1. ## Sampling Distribution Problem

I am in a statistics class at Michigan State and am having trouble completing this problem that was assigned for homework. If somebody could give me some advice/pointers I would greatly appreciate it.

A Gallup Poll finds that 30% of adults visited a casino in the past 12 months, and that 6% bet on college sports. These results come from a random sample of 1011 adults. For an SRS of size n=1011:

a) What is the probability that the sample proportion P-hat is between .28 and .32 if the population proportion is p=.30?

b)What is the probability that the sample proportion P-hat is between .04 and .08 if the population proportion is p=.06?

c) How does the probability that P-hat falls within (+or-)0.02 of the true p change as p gets closer to 0?

I thought I figured out a), however my answer did not match what was in the back of the book. The method I used was to find the standard deviation (which I computed as .01441) and to solve for each probability based on the Z-score equation (Z= (X-m)/SD). Once i had both probabilities from the z-scores, I subtracted the probability that it was below .28 from the probability that was below .32, leaving me with the probability that it was in the middle of the two. I came up with .7685, however the back of the book has the correct answer as .8354.

Any help is appreciated, thank you!

2. Originally Posted by carte175

A Gallup Poll finds that 30% of adults visited a casino in the past 12 months, and that 6% bet on college sports. These results come from a random sample of 1011 adults. For an SRS of size n=1011:

a) What is the probability that the sample proportion P-hat is between .28 and .32 if the population proportion is p=.30?
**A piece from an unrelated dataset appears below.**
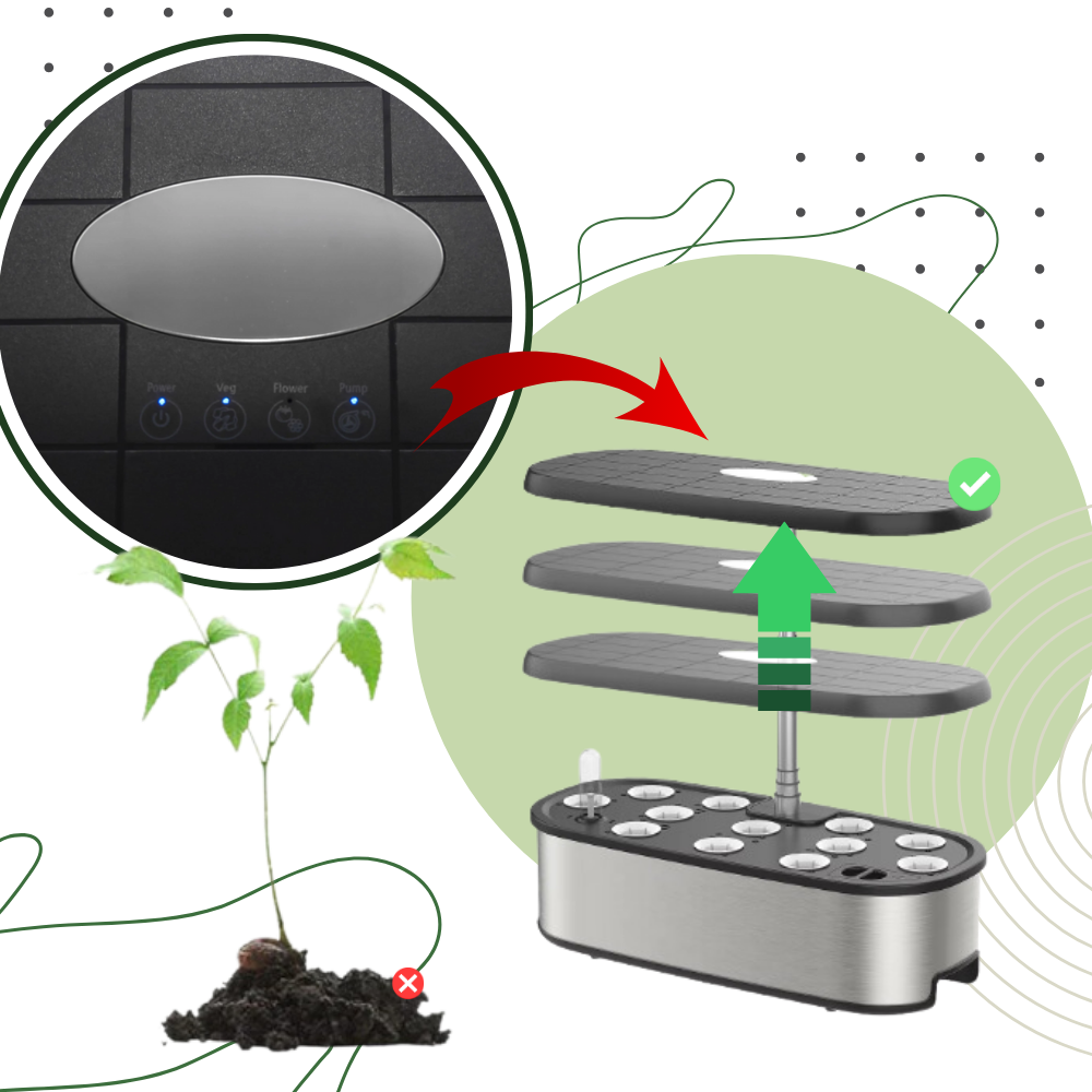 Gardening should be a joy, not a chore, and the 12 Plants Pods Hydroponic Garden makes this a reality with its intuitive, easy-to-use control panel. Whether you're a seasoned gardener or a complete novice, the user-friendly controls allow you to effortlessly manage your indoor garden. With just a few simple buttons, you can adjust the lighting, pump, and growth settings to perfectly match the needs of your plants at any stage of their development. The system is designed to take the guesswork out of hydroponics, making it accessible to everyone. This ease of use not only enhances the gardening experience but also ensures that your plants are always in the best possible environment for thriving, without requiring constant monitoring or manual adjustments.

a) Here $p=.3$, $(1-p)=q=.7$, $n=1011$, and so, $\frac{pq}{n}=.000208$. Thus, $P(.28\leq\hat{p}\leq\\.32)=P(\frac{.28-.30}{\sqrt{.000208}}
$
$\leq\frac{\hat{p}-p}{\sqrt{\frac{pq}{n}}}\leq\frac{.28-.30}{\sqrt{.000208}})$ $=
P(-1.3877\leq\\Z\leq\\1.3877)=.834771$
.

Now try to do part (b) using the same techniques. Look up "normal approximation to the binomial distribution" or maybe just the "centeral limit theorem" section in your text for more information on problems of this nature (or just google it).

3. Thank you, this is precisely what I needed.